We should note that though the abovementioned subsamples did not have the same number of observations, they were all big enough to draw statistically relevant conclusions.

3. Results

The analysis was centered around the prospective determinants of energy poverty among students in Krakow (PL) and how, or if, the COVID-19 pandemic has changed energy poverty among students. The results are provided in two subsections. The first one deals with preliminary frequency-based analysis. The second subsection explores the relation between the potential explanatory variables and the dependent with the aforementioned Kendall’s Tau-b and logistic regression.

3.1. Preliminary Results

3.1.1. Consequences of Inadequate Temperature

Forty seven percent of students said that the temperature in their house was adequate. However, about a third (29%) responded that an inadequate temperature caused them to feel ill and about a fifth pointed out that it caused them to get sick more often. This response was distributed equally among the students in the energy poverty group (energy expenses above 10% of income) and others. About 6% responded that they feel uncomfortable when someone pays them a visit. The feeling of discomfort was substantially more prominent in the energy poverty group (about 20%) versus less than half a percent for other groups. Considering only those who responded during the second wave of the pandemic (and second semester of studies during the pandemic), which was also when classes were only held online, we noticed a significant increase in the responses related to feeling ill due to inadequate temperature at home (32%), while only 24% responded to this question during the time when studies were conducted either on campus or during the transition period (first wave). This result may be also due to the growing fatigue and dissatisfaction with the COVID-19 pandemic.

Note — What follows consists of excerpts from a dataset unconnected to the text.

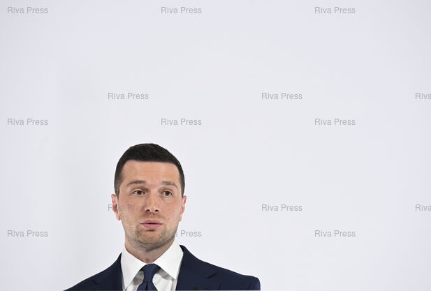 Légende : Jordan Bardella, président du Rassemblement National et député européen, présente ses vœux à la presse /// Jordan Bardella, president of the Rassemblement National party, and MEP, presents his New Year's wishes to the press - Paris - 12/01/2026 - Photo © Lionel Préau +33 (0)6 68 12 83 77
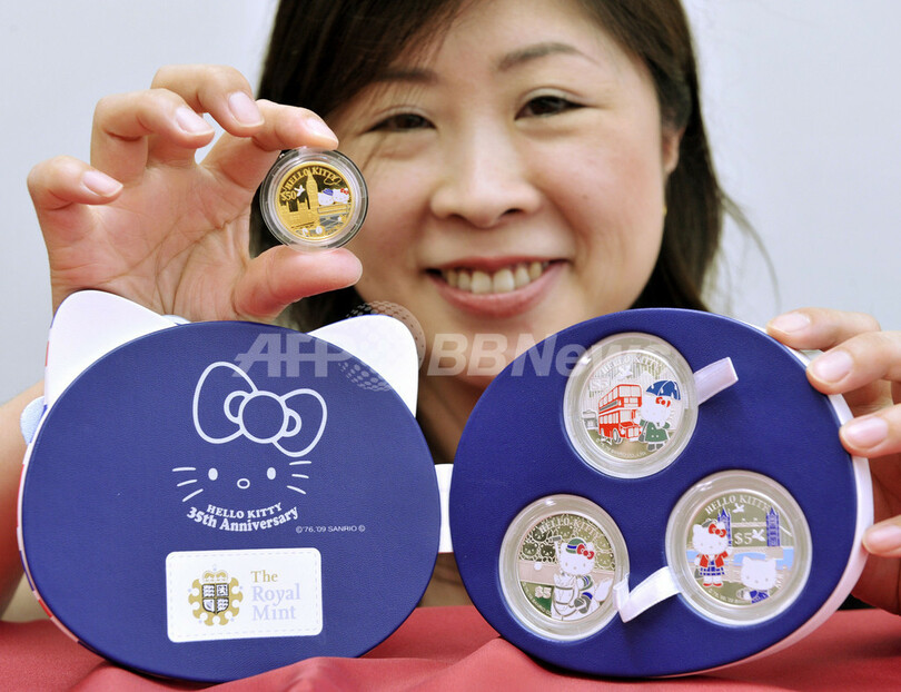【5月27日 AFP】コイン販売の泰星コイン(Taisei Coins)は26日、ハローキティ(Hello Kitty)の誕生35周年を記念した硬貨を発表した。英国王立造幣局(Royal Mint of Britain)が鋳造したもので、価格は50ドル金貨(15.61グラム)が12万6000円、10ドルカラー銀貨(155.517グラム)が3万9900円、5ドルカラー銀貨(28.28グラム)が1万1550円など。(c)AFP
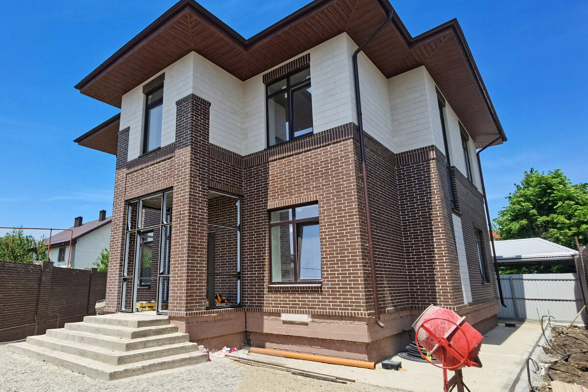 Реализованный проект двухэтажного дома в стиле Райта
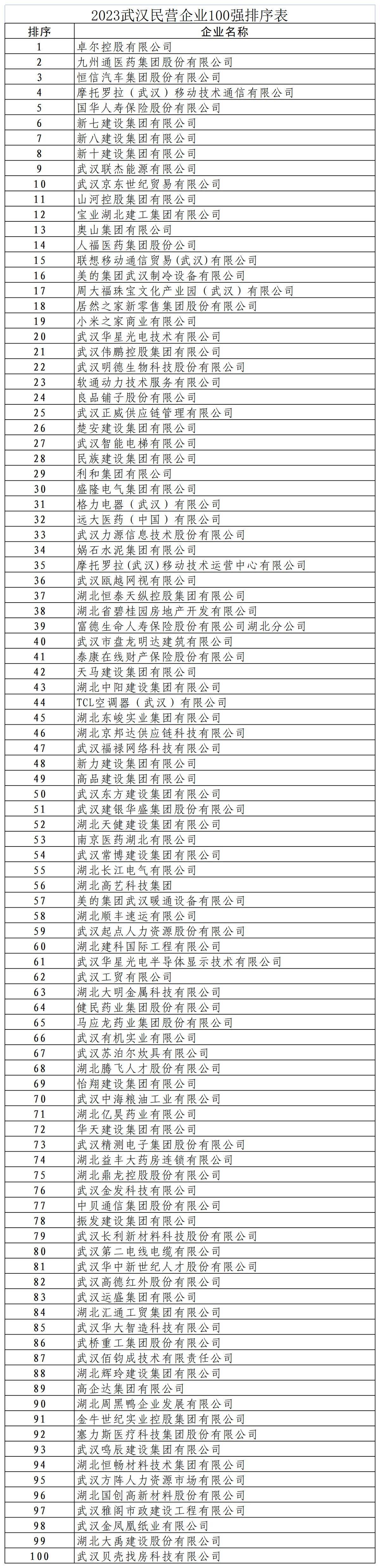近日,“泽平宏观”微信公众号发布《中国民营企业百强排行榜2023》,武汉共有3家民营企业上榜,分别是卓尔控股、九州通、恒信汽车。其中,卓尔控股以1280.38亿元的营收入围榜单第59位,位列湖北上榜企业之首。

3.1.2. Energy Saving Actions

The respondents indicated various types of energy conservation actions and the frequency with which these actions are applied. The most frequent action was switching off the lights after leaving the room (2.8 out of 3), followed by decreasing temperature during long absences (2.6). The average score among the energy poor was similar to others (a difference below 0.2).

3.1.3. Determinants of Choosing a Place to Rent

The most important factor in choosing an apartment according to the respondents was commuting availability (4.5 out of 5), followed by rent costs (4.4), and media costs including heating, electricity, and water (4.3). Students were the least concerned about air quality (2.9) and energy efficient windows.

3.1.4. Energy Awareness vs. Energy Poverty

In order to examine energy awareness among students, a simple scoring method was used, based on 10 energy awareness questions. If a student answered all of them correctly, he/she received 10 points, with zero being the lowest score possible (all questions answered incorrectly). It is worthwhile noting that people defined as the energy poor (according to the 10% income spending threshold) achieved a result of about 4.6 against 6.1 achieved by the rest of the respondents. Thus, energy awareness may have an influence on the degree of energy poverty among students.

3.1.5. Paying for Energy

About 41% of our respondents paid directly for the energy they use, 30% paid a fixed amount, and 29% do not pay for their housing. Among those that paid directly for energy, the people who were defined as the energy poor made up over half (53.3%) of respondents.

3.1.6. Place of Residence

One of the key aspects of the survey was to identify current student places of living. At the beginning of the pandemic in Poland, in March 2020 we did not notice any substantial change in this regard. This may be due to the structure of lease agreements (which usually expire at the end of academic year) or the expectations at the time that the pandemic would soon be over, and classes would resume normally. A significant change took place in October 2020, when a much larger portion of students than usual decided to remain at home with their families (from 29% to 45%). This means that during distance learning students often chose to live with their families and thus did not bear the costs of energy consumption.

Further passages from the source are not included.